**Your instructions**: Copy task. Retype the whole listing exactly, omitting any picture in it.

━━━━━ Input material ━━━━━

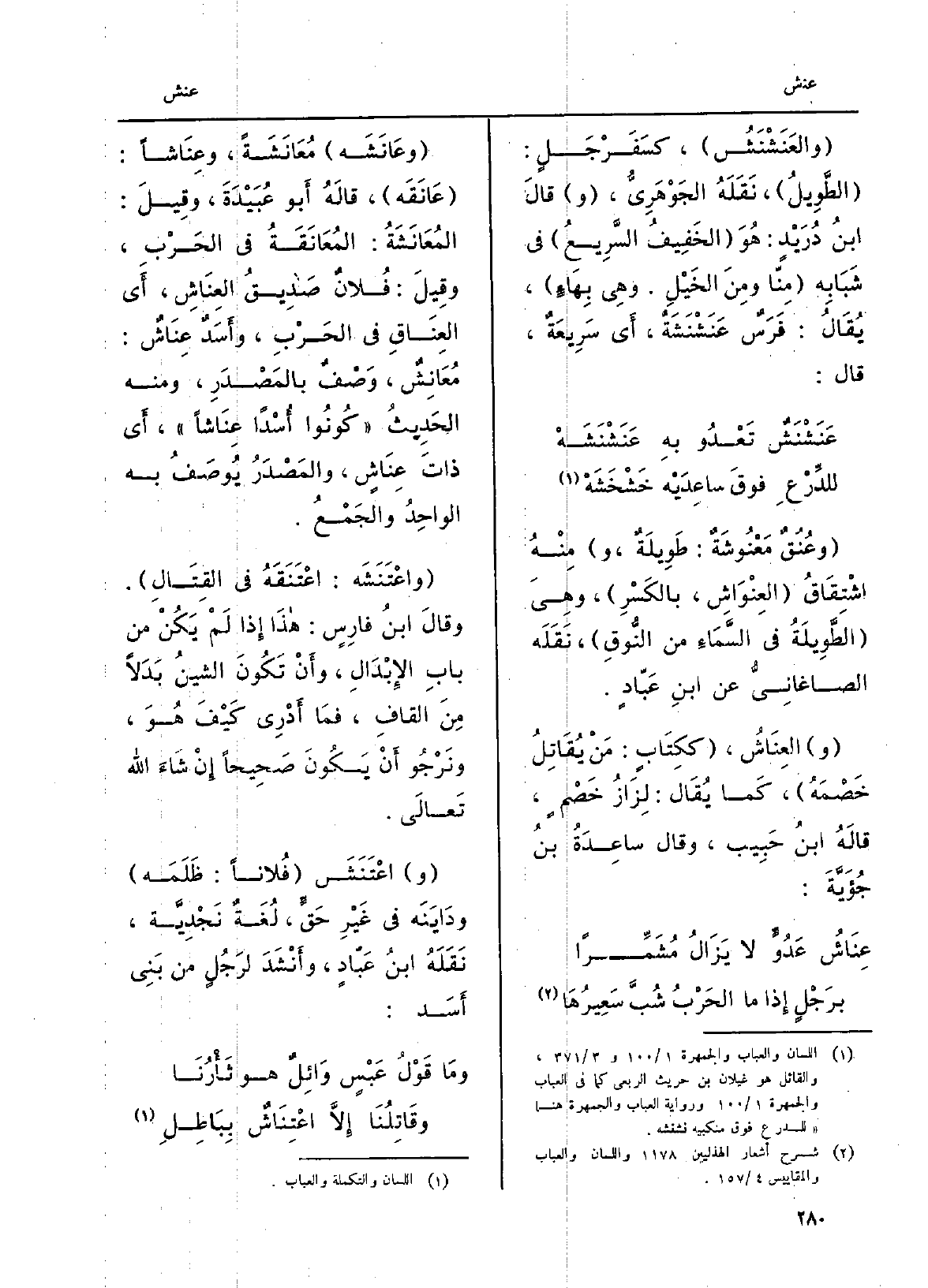 وعَانَشَه مُعَانَشَةً، وعِنَاشاً: عَانَقَه، قالَهُ أَبو عُبَيْدَةَ، وقِيلَ: المُعَانَشَةُ: المُعَانَقَةُ فِي الحَرْبِ، وقِيلَ: فُلانٌ صَدِيقُ العِنَاشِ، أَي العِنَاقِ فِي الحَرْبِ، وأَسَد عِنَاشٌ: مُعَانَشٌ، وَصْفٌ بالمَصْدَرِ، وَمِنْه الحَدِيثُ كُونُوا أُسْدَاً عِنَاشاً، أَي ذاتَ عِنَاشٍ، والمَصْدَرُ يُوْصَفُ بِهِ الواحِدُ والجَمْعُ. واعْتَنَشَه: اعْتَنَقَهُ فِي القِتَالِ. وقالَ ابنُ فارِسٍ: هذَا إِذا لَمْ يَكُنْ من بابِ الإِبْدَالِ، وأَنْ تَكُونَ الشينُ بَدَلاً مِنَ القافِ، فمَا أَدْرِي كَيْفَ هُوَ، ونَرْجُو أَنْ يَكُونَ صَحِيحاً إِنْ شَاءَ الله تَعالَى. واعْتَنَشَ فُلاناً: ظَلَمَه ودَايَنَه فِي غَيْرِ حَقٍّ، لُغَةٌ نَجْدِيَّة، نَقَلَهُ ابنُ عَبّادٍ، وأَنْشَدَ لرَجُلٍ من بَنِي أَسَد:)
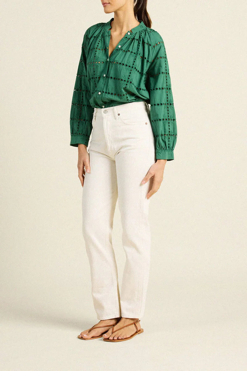 Mena Blouse in Emerald Eyelet
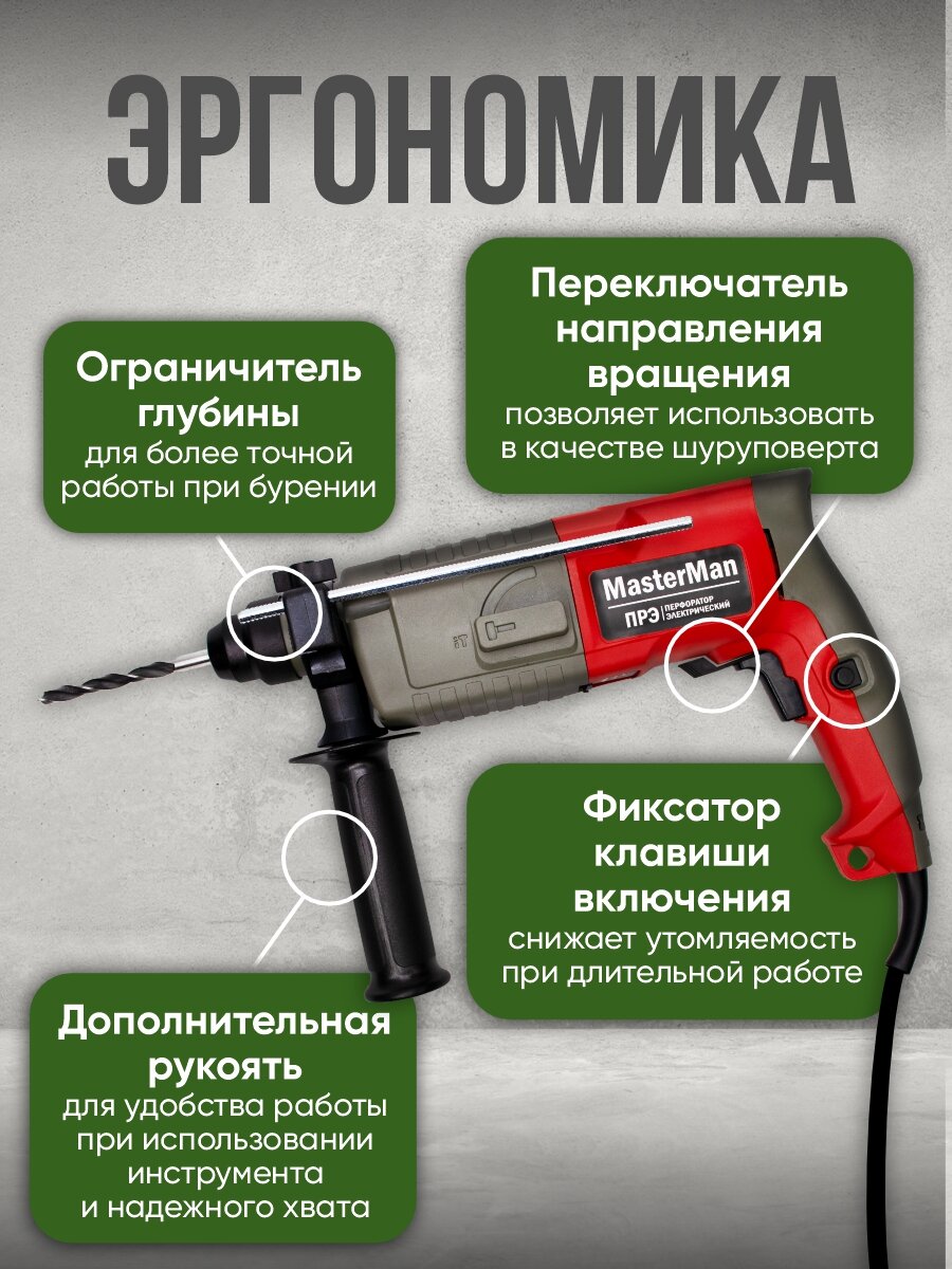 10 цен на Перфоратор электрический MasterMan SDS-plus 600W, с 2 режимами и кейсом
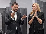 Церемония открытия выставки фотографов Сергея Борисова и Михаила Розанова "Город сказка" в Московском музее современного искусства (ММОМА). Директор Фонда содействия развитию современного искусства RuArts Марианна Сардарова (слева) и арт-директор московской галереи актуального искусства RuArts Катрин Борисов (справа) на церемонии.
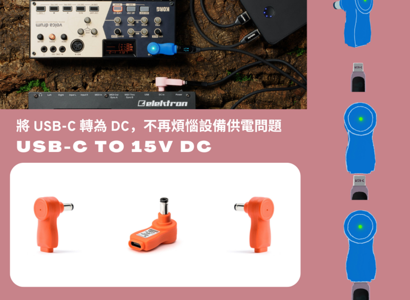 外觀是小巧的插頭,可安裝在 USB-C 線材的末端,改變輸出和尺寸,可以為使用非 5V 的電壓設備提供電源。為攜帶型電子設備提高自由度和靈活性,隨時隨地進行演奏。
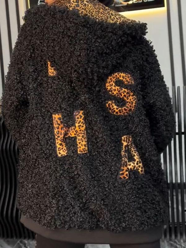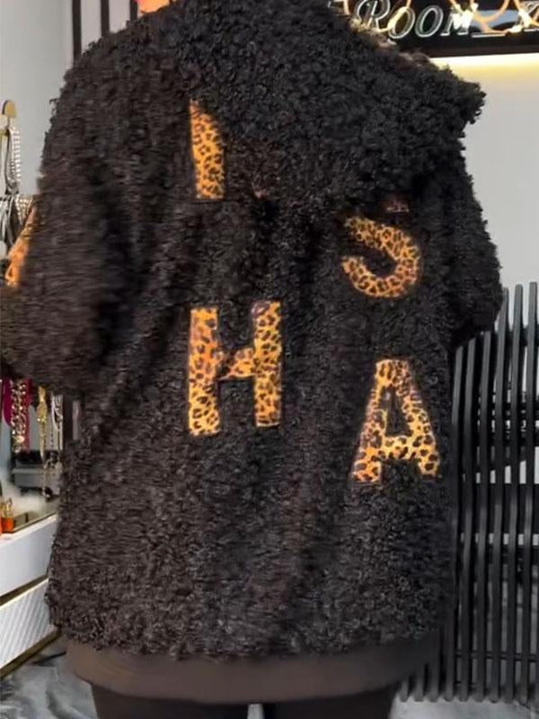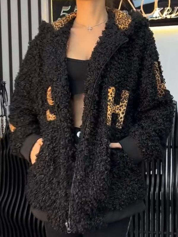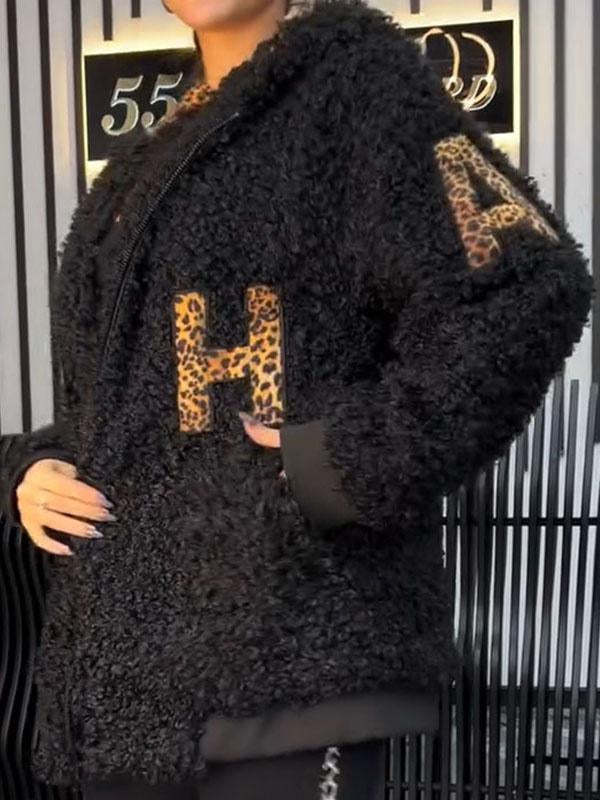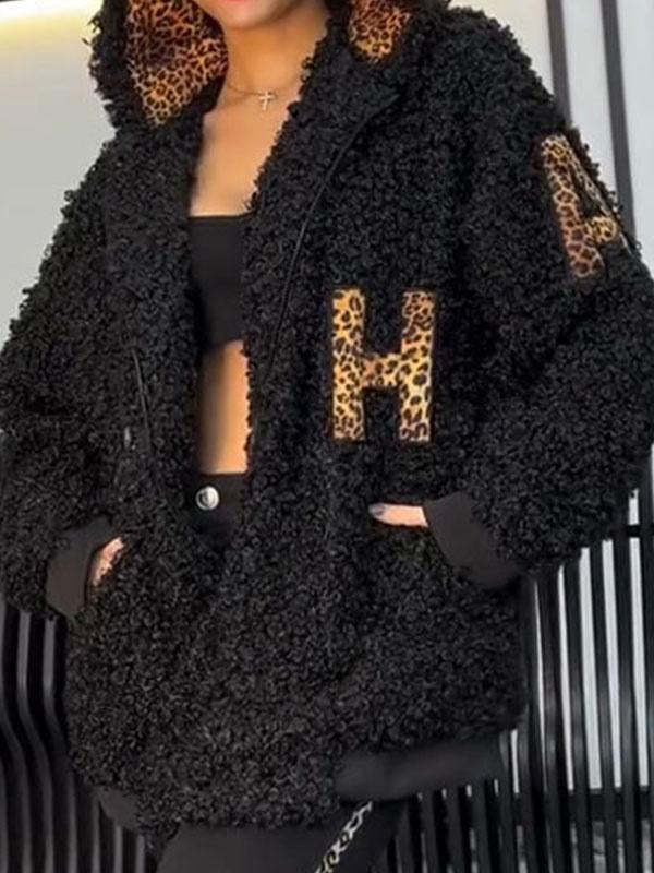 Women's Leopard Print Plush Long Sleeve Hooded Coat

━━━━━

**Task response**:
 وعَانَشَه مُعَانَشَةً، وعِنَاشاً: عَانَقَه، قالَهُ أَبو عُبَيْدَةَ، وقِيلَ: المُعَانَشَةُ: المُعَانَقَةُ فِي الحَرْبِ، وقِيلَ: فُلانٌ صَدِيقُ العِنَاشِ، أَي العِنَاقِ فِي الحَرْبِ، وأَسَد عِنَاشٌ: مُعَانَشٌ، وَصْفٌ بالمَصْدَرِ، وَمِنْه الحَدِيثُ كُونُوا أُسْدَاً عِنَاشاً، أَي ذاتَ عِنَاشٍ، والمَصْدَرُ يُوْصَفُ بِهِ الواحِدُ والجَمْعُ. واعْتَنَشَه: اعْتَنَقَهُ فِي القِتَالِ. وقالَ ابنُ فارِسٍ: هذَا إِذا لَمْ يَكُنْ من بابِ الإِبْدَالِ، وأَنْ تَكُونَ الشينُ بَدَلاً مِنَ القافِ، فمَا أَدْرِي كَيْفَ هُوَ، ونَرْجُو أَنْ يَكُونَ صَحِيحاً إِنْ شَاءَ الله تَعالَى. واعْتَنَشَ فُلاناً: ظَلَمَه ودَايَنَه فِي غَيْرِ حَقٍّ، لُغَةٌ نَجْدِيَّة، نَقَلَهُ ابنُ عَبّادٍ، وأَنْشَدَ لرَجُلٍ من بَنِي أَسَد:)
 Mena Blouse in Emerald Eyelet
 10 цен на Перфоратор электрический MasterMan SDS-plus 600W, с 2 режимами и кейсом
 Церемония открытия выставки фотографов Сергея Борисова и Михаила Розанова "Город сказка" в Московском музее современного искусства (ММОМА). Директор Фонда содействия развитию современного искусства RuArts Марианна Сардарова (слева) и арт-директор московской галереи актуального искусства RuArts Катрин Борисов (справа) на церемонии.
 外觀是小巧的插頭,可安裝在 USB-C 線材的末端,改變輸出和尺寸,可以為使用非 5V 的電壓設備提供電源。為攜帶型電子設備提高自由度和靈活性,隨時隨地進行演奏。
 Women's Leopard Print Plush Long Sleeve Hooded Coat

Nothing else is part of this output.